A= [-1.192 -1.020 -1 -1.050 -1 -1 -1.070;
-1.213 -1.096 -1 -1.045 -1 -1 -1.102;
-1.036 -1.061 -1 -1.085 -1 -1 -1.137;
-1.176 -1.120 -1 -1.004 -1 -1 -1.115;
-1.124 -1.034 -1 -1.073 -1 -1 -1.134;
-1.202 -1.145 -1 -1.078 -1 -1 -1.057;
-1.127 -1.023 -1 -1.056 -1 -1 -1.066]
the size of A is 7*7 and I want to have a matrix 7*4 after removing colums?
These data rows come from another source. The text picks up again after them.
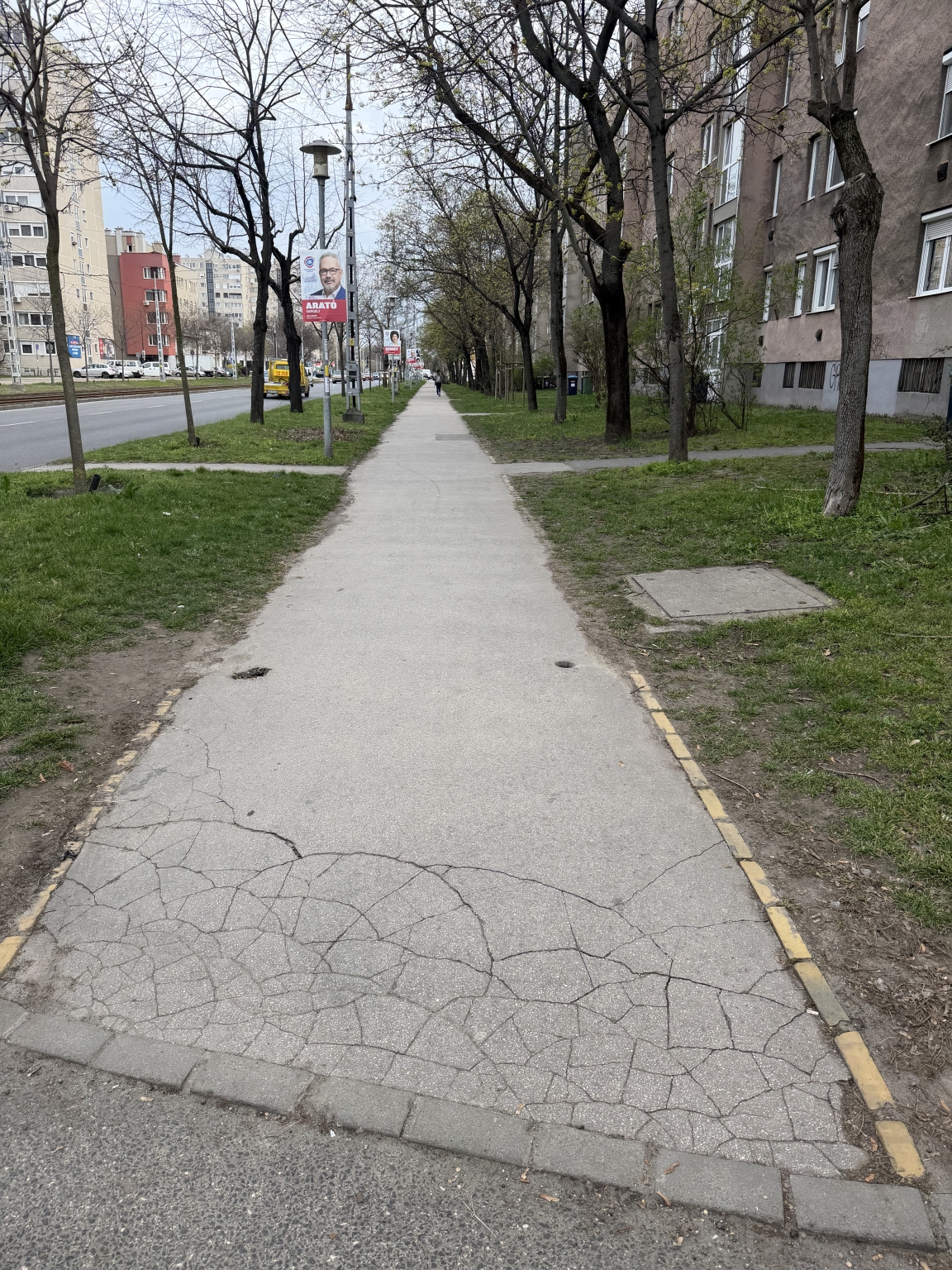 A Nagy Lajos király útja ezen szakaszán még szerencsére nem parkolnak a fűben az autók. Sajnos próbálkozások vannak.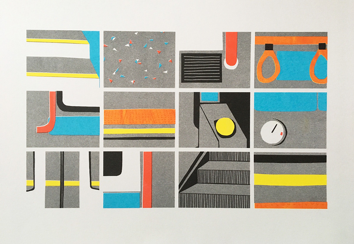 Extracting small details from my daily commute on the London Underground, exploring shape and colour, first in collage and then in riso print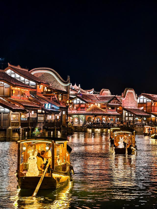 9月16日晚,在四川省宜宾市翠屏区李庄古镇,游客乘“玉兔船”泛舟慢游。新华社发(叶昌荣摄)

How can I do please?

採用された回答

Star Strider
Star Strider 2015 年 4 月 15 日
A more general solution:
A = reshape(A(~arrayfun(@isequal, A, -ones(size(A)))),size(A,1),[]);
It first finds a logical array of vectors that are equal to -1 using arrayfun, takes the values of the matrix that are not those values and creates a new vector from them. It then takes that vector and reshapes it to the row size of the original matrix to create the new ‘A’ matrix.
  5 件のコメント
Star Strider
Star Strider 2015 年 4 月 15 日
Did you try it yourself to see what it does? (My code does a version of what you intend with that.)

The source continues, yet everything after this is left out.